The 2017 Nordic and Baltic Stata Users Group meeting will be held at the Karolinska Institutet in Stockholm on 1 September 2017.
This meeting will provide Stata users the opportunity to exchange ideas, experiences, and information on new applications of Stata. Representatives from StataCorp—David Drukker, Executive Director of Econometrics, and Jeff Pitblado, Executive Director of Statistical Software—will attend, and there will be the usual "Wishes and grumbles" session, at which you may air your thoughts to Stata developers. Everyone who is interested in using Stata is welcome.
Welcome and introduction
stcrmix: A Stata command for fitting mixed competing-risks proportional hazards models
Abstract: I present a new Stata command, stcrmix, that can fit competing-risks models with unobserved heterogeneity, for example, the mixed competing-risks proportional hazard model.
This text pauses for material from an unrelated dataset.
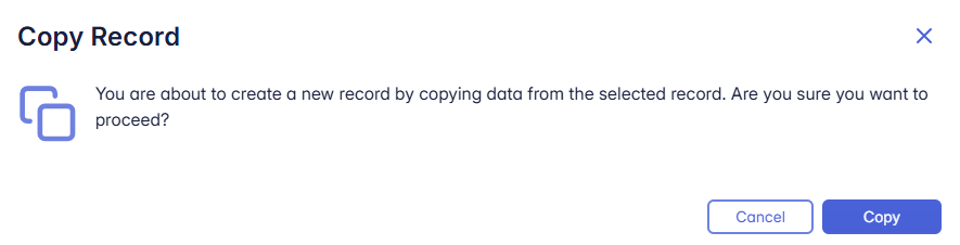 When prompted, confirm you want to create a new record by copying data from the selected record:

I show in particular how to use stcrmix to fit the so-called timing-of-events model. stcrmix closely follows the implementation of the model by Gaure et al. (Journal of Econometrics 2007) and from their crmph R-package. The mixing distribution is approximated by a discrete distribution and the model is fit by the nonparametric maximum-likelihood estimator (NPMLE). For a given number of heterogeneity points, a new set of points that improve the likelihood function is added. Then the likelihood function is maximized with respect to the whole set of parameters. The procedure is repeated until there is no further improvement in the likelihood. I present the model and the estimation method, where I cover the likelihood function and how to find new candidates for heterogeneity points. I then present the syntax of the command. I show how to set up the data to fit the timing-of-events model, and I show an example, based on simulated data, of how to fit the model. Finally, I present results from Monte-Carlo simulations and discuss other uses of the command.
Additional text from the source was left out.